How to complete this task -> Once the line containing "Молодая женщина в модной одежде" is found in the data below, repeat it and every later line exactly, leaving the pictures out.
** Opening Exercise data block **
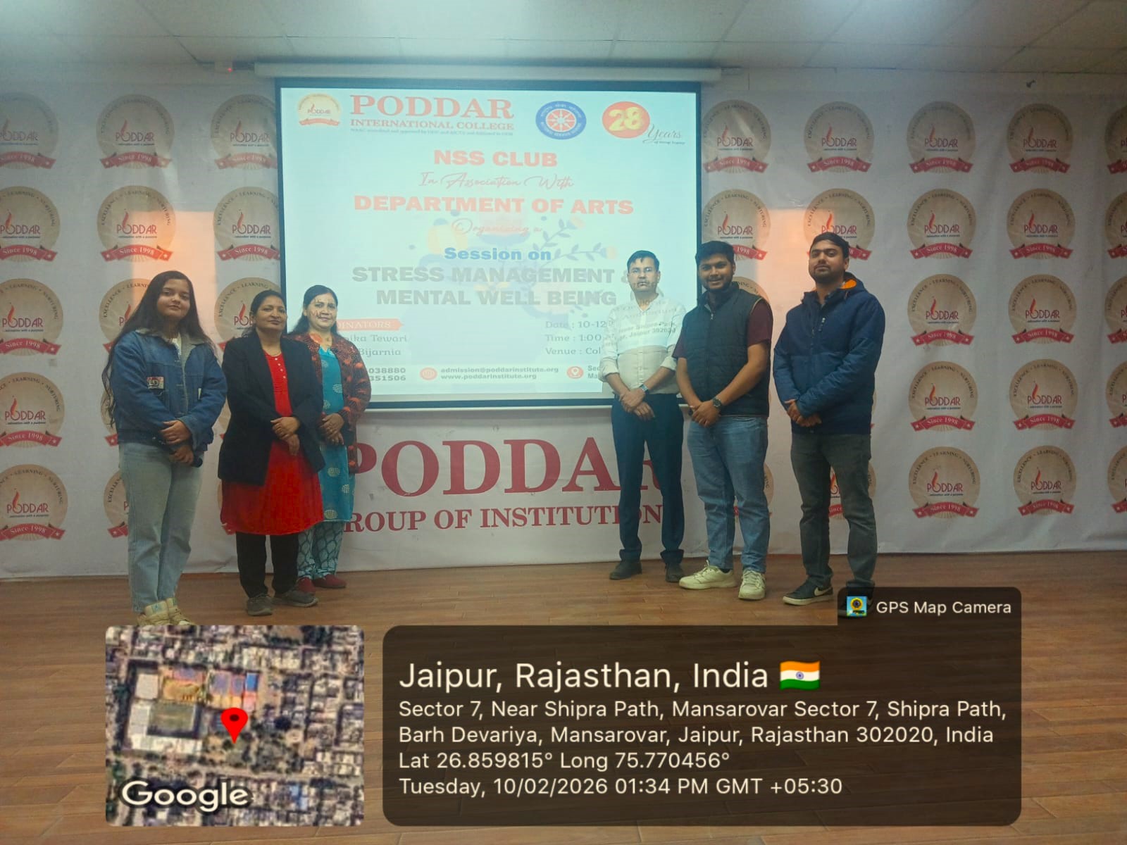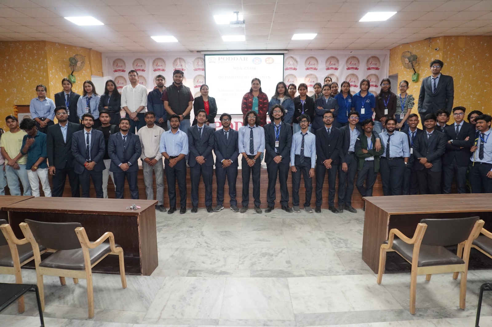 The NSS Club in association with the Department of Arts organized a session on Stress Management and Mental Well-being at Poddar International College, Jaipur. The programme was conducted under the guidance of NSS Programme Officer Dr. Shilpika Tewari . Dr. Tewari informed the students that this session was one of the programmes organized as part of the 28 years celebration of the Poddar Group of Institutions .
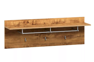 Вешалка Livorno - стильная замена платяному шкафу в малогабаритной прихожей. Модуль выполнен в виде настенной панели с тремя крючками для одежды. В верхней части вешалки расположены полка для головных уборов и аксессуаров. Модель также оснащена штангой для аккуратного размещения одежды на вешалках-плечиках.
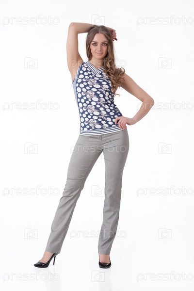 Молодая женщина в модной одежде
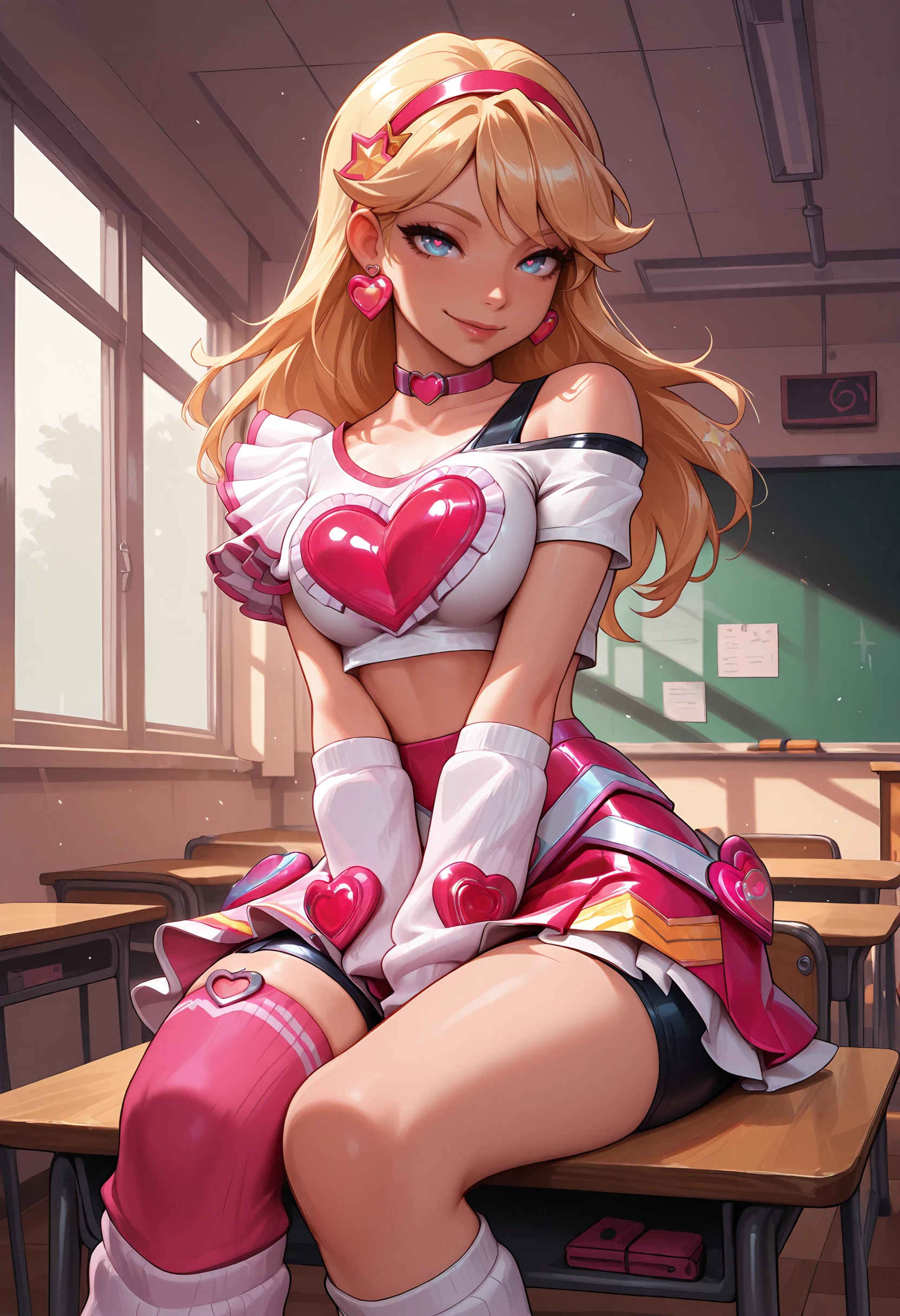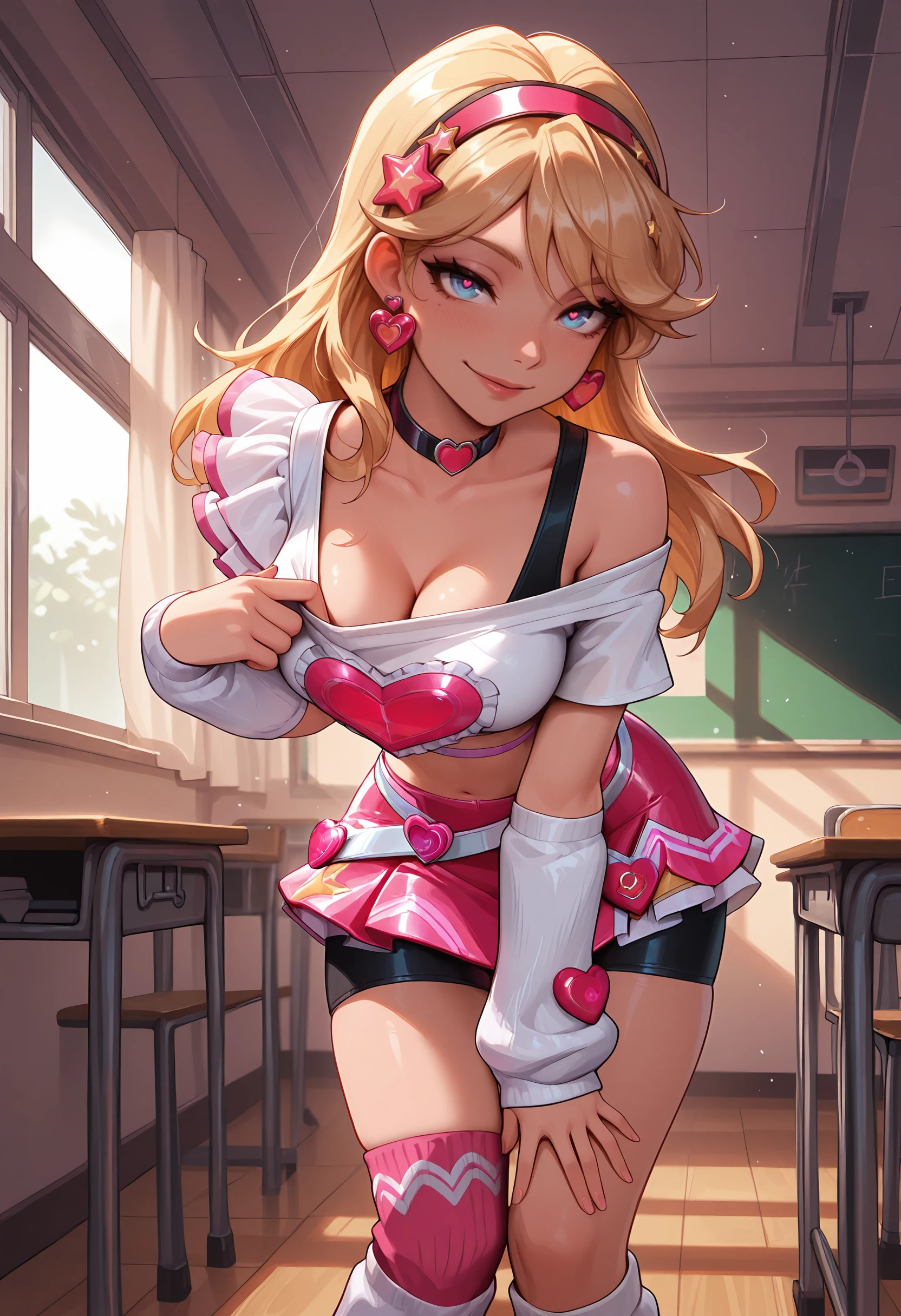sluxil, medium breasts, long hair, blonde hair, skirt, hairband, blue eyes, jewelry, detached sleeves, heart, heart choker, crop top, midriff, single off shoulder, arm warmers, leg warmers, single thighhigh, asymmetrical legwear, bike shorts under skirt, heart earrings, star hair ornament, magical girl,I use V12 WAI-NSFW-illustrious-SDXL checkpoint for my images.
** Closing Exercise data block **
Answer box ->
 Молодая женщина в модной одежде
sluxil, medium breasts, long hair, blonde hair, skirt, hairband, blue eyes, jewelry, detached sleeves, heart, heart choker, crop top, midriff, single off shoulder, arm warmers, leg warmers, single thighhigh, asymmetrical legwear, bike shorts under skirt, heart earrings, star hair ornament, magical girl,I use V12 WAI-NSFW-illustrious-SDXL checkpoint for my images.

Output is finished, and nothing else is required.